🧴 What’s Included in Your Skincare Ingredients?
- Serum Maker
- Mar 18
- 3 min read
Updated: Apr 16
Why Brands Use Ingredients Like BHT, Phenoxyethanol, and “Fragrance”
When you pick up a lotion, eye cream, or hair product, the front label tells a pretty story: hydration, repair, glow.

But the real story is on the back.
And once you start noticing certain ingredients appearing across every category, a better question emerges:
Why are these in everything?
Let’s break down the most common ones - and what they actually do.
đź§ŞÂ Why These Ingredients Exist in the First Place
Before labeling anything “bad,” it’s important to understand this:
Most of these ingredients are not there for your skin.
They’re there for the product.
They help with:
Shelf life
Stability
Preventing bacteria and mold
Maintaining texture and scent
From a manufacturing standpoint, they make perfect sense.
From a skin-first standpoint? That’s where things get more nuanced.

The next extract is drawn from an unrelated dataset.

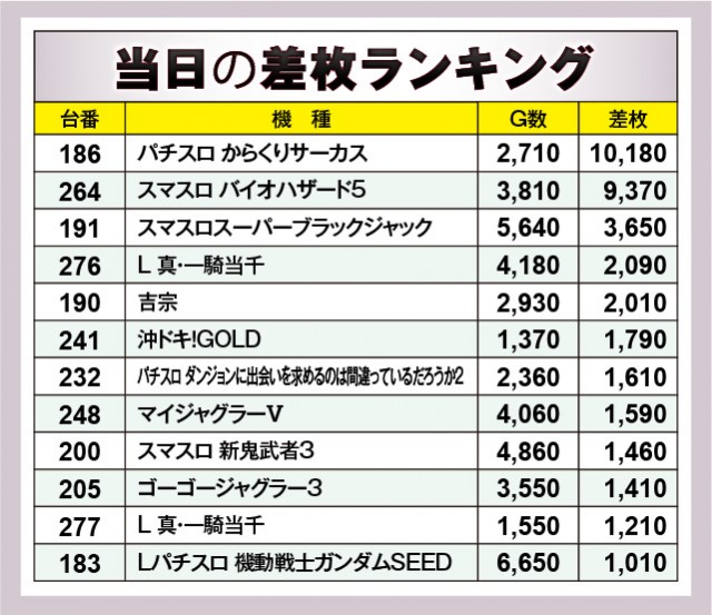 上表の7機種はいずれもポテンシャルを秘めた台で、やはり『パチスロ からくりサーカス』『スマスロ バイオハザード5』が大きな存在感を放っていた。その他の機種も負けておらず、『L 真・一騎当千』は全台プラス差枚数を達成。また『スマスロスーパーブラックジャック』『スマスロ 新鬼武者3』もじっくりと打ち込まれた形跡が見られ、ファンが好感触を手にしていたのは間違いないだろう。

⚠️ 1. BHT (Butylated Hydroxytoluene)
What it does:
BHT is an antioxidant used to prevent oils from going rancid and extend shelf life.
Why brands use it:
Keeps formulas stable for long periods
Very inexpensive
Effective at low concentrations
What raises concern:
It’s a synthetic antioxidant with ongoing debate around long-term exposure
Some research has linked it to potential irritation and systemic effects at higher levels
It exists purely to protect the product—not improve your skin
👉 Translation:It helps the brand more than it helps you.

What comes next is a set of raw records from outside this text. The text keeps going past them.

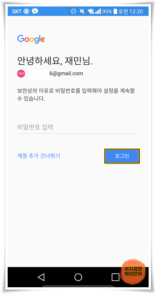 ' 아니오 ' 를 누르시면 구글 아이디+비번 로그인 방식으로 로그인 합니다.
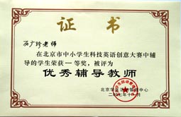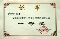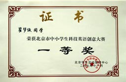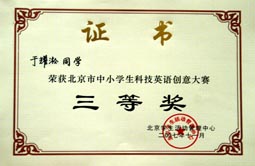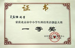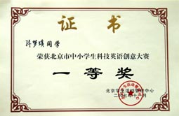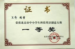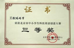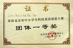 在2007年北京市中小学生科技英语创意大赛中我校再获团体一等奖。这也是我校连续三年获得该大赛团体一等奖的殊荣。另外我校的李澔洋、翟梦依、王乔、吴盛楠、孙梦琪五名同学获得个人一等奖;于耀淞、王敬璐两位同学获得个人三等奖;历广珍老师被评为“优秀辅导教师”。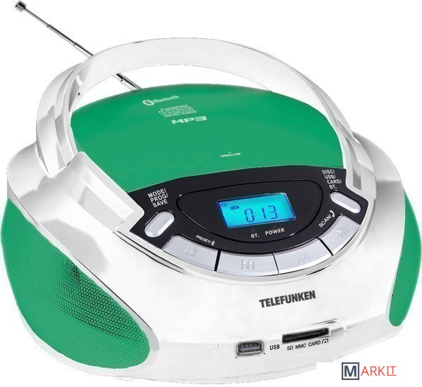 Markit » Бумбоксы и магнитолы » Портативная аудиосистема TELEFUNKEN TF-CSRP3492B (белый/зеленый)

⚠️ 2. Sulfates (e.g., Sodium Lauryl Sulfate, Sodium Laureth Sulfate)
What they do: Sulfates are cleansing agents (surfactants) that create lather and remove oil, dirt, and buildup from the hair and scalp.
Why brands use them:
·      Create that rich, foamy lather people associate with “clean”
·      Very effective at removing oil and buildup
·      Extremely inexpensive and easy to formulate with

What raises concern:
·      Can be overly stripping, removing not just dirt - but your hair’s natural oils
·      May lead to dryness, frizz, and scalp irritation
·      Especially harsh for color-treated or damaged hair
👉 Translation: Sulfates are great at cleaning, but they don’t know when to stop. They remove what you want gone…and what your hair actually needs to stay healthy.
⚠️ 3. DMDM Hydantoin
What it does:
A preservative that slowly releases formaldehyde to prevent microbial growth.
Why brands use it:
Highly effective antimicrobial
Extends shelf life significantly
Low cost
What raises concern:
Formaldehyde release (even in small amounts)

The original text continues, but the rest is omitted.